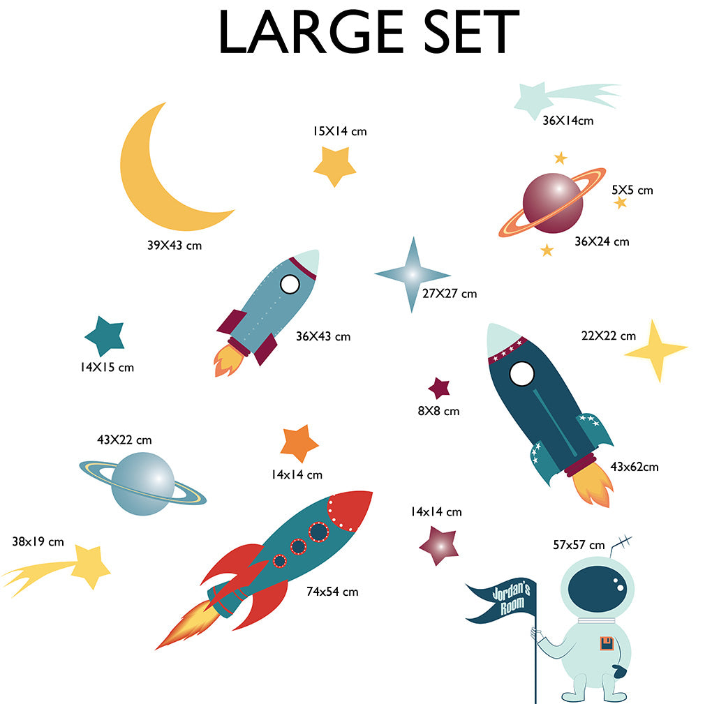 Rockets & Planets Personalized Custom Name Wall Sticker Decal WC110
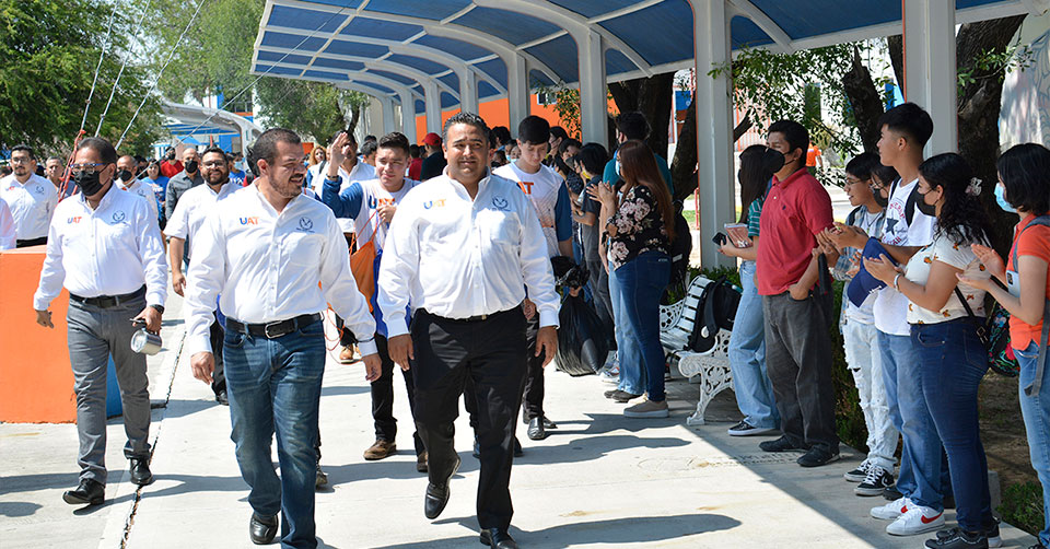 La visita del Rector se enmarca en la gira ADN UAT que realizó en esta facultad fronteriza, donde encabezó un evento de bienvenida a la comunidad estudiantil de nuevo ingreso.
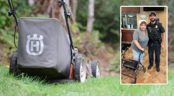 なんと、年配の女性、ドリー・オリバーさんが、一方の手に歩行器、もう一方の手で芝刈り機を押しながら奮闘していたのです。😮
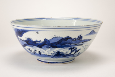 Kastkom met rondlopend blauw landschapdécor. (Nederlands)

What to work on ▸ Take the listing above and retype it exactly. Its pictures are to be omitted.

Task output ▸
 Rockets & Planets Personalized Custom Name Wall Sticker Decal WC110
 La visita del Rector se enmarca en la gira ADN UAT que realizó en esta facultad fronteriza, donde encabezó un evento de bienvenida a la comunidad estudiantil de nuevo ingreso.
 なんと、年配の女性、ドリー・オリバーさんが、一方の手に歩行器、もう一方の手で芝刈り機を押しながら奮闘していたのです。😮
 Kastkom met rondlopend blauw landschapdécor. (Nederlands)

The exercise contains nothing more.